§ Given data:
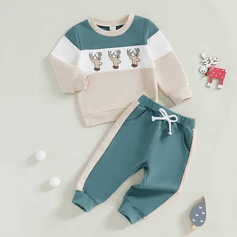 Boy's 2-Piece Embroidered Deer & Duck Hunting & Fishing Sweatshirt & Pants Sets
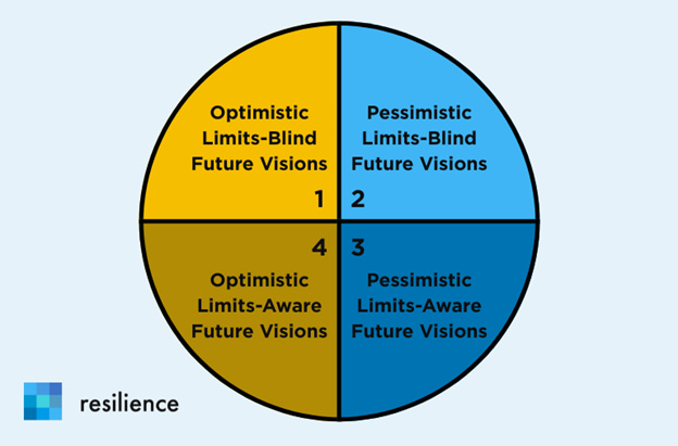 For the purposes of this article, I’ve divided fictional futures into four quadrants. The first quadrant describes optimistic limits-blind visions of the future. The second quadrant focuses on pessimistic limits-blind visions. The third quadrant describes limits-aware pessimistic possibilities, while the fourth quadrant focuses on optimistic limits-aware possibilities. Spoiler alert: only one quadrant is worthy of our serious, long-term attention and effort.
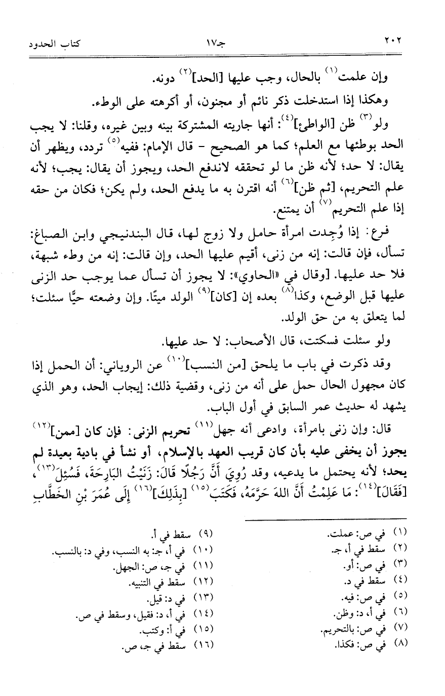 قال: وإن زنى بامرأة، وادعى أنه جهل تحريم الزنى: فإن كان [ممن] يجوز أن يخفى عليه بأن كان قريب العهد بالإسلام، أو نشأ في بادية بعيدة لم يحد؛ لأنه يحتمل ما يدعيه، وقد روي أن رجلا قال: زنيت البارحة، فسئل، [فقال]: ما علمت أن الله حرمه، فكتب [بذلك] إلى عمر بن الخطاب

§ Brief: Could you set down the material above word for word while dropping its pictures?

§ Response area:
 Boy's 2-Piece Embroidered Deer & Duck Hunting & Fishing Sweatshirt & Pants Sets
 For the purposes of this article, I’ve divided fictional futures into four quadrants. The first quadrant describes optimistic limits-blind visions of the future. The second quadrant focuses on pessimistic limits-blind visions. The third quadrant describes limits-aware pessimistic possibilities, while the fourth quadrant focuses on optimistic limits-aware possibilities. Spoiler alert: only one quadrant is worthy of our serious, long-term attention and effort.
 قال: وإن زنى بامرأة، وادعى أنه جهل تحريم الزنى: فإن كان [ممن] يجوز أن يخفى عليه بأن كان قريب العهد بالإسلام، أو نشأ في بادية بعيدة لم يحد؛ لأنه يحتمل ما يدعيه، وقد روي أن رجلا قال: زنيت البارحة، فسئل، [فقال]: ما علمت أن الله حرمه، فكتب [بذلك] إلى عمر بن الخطاب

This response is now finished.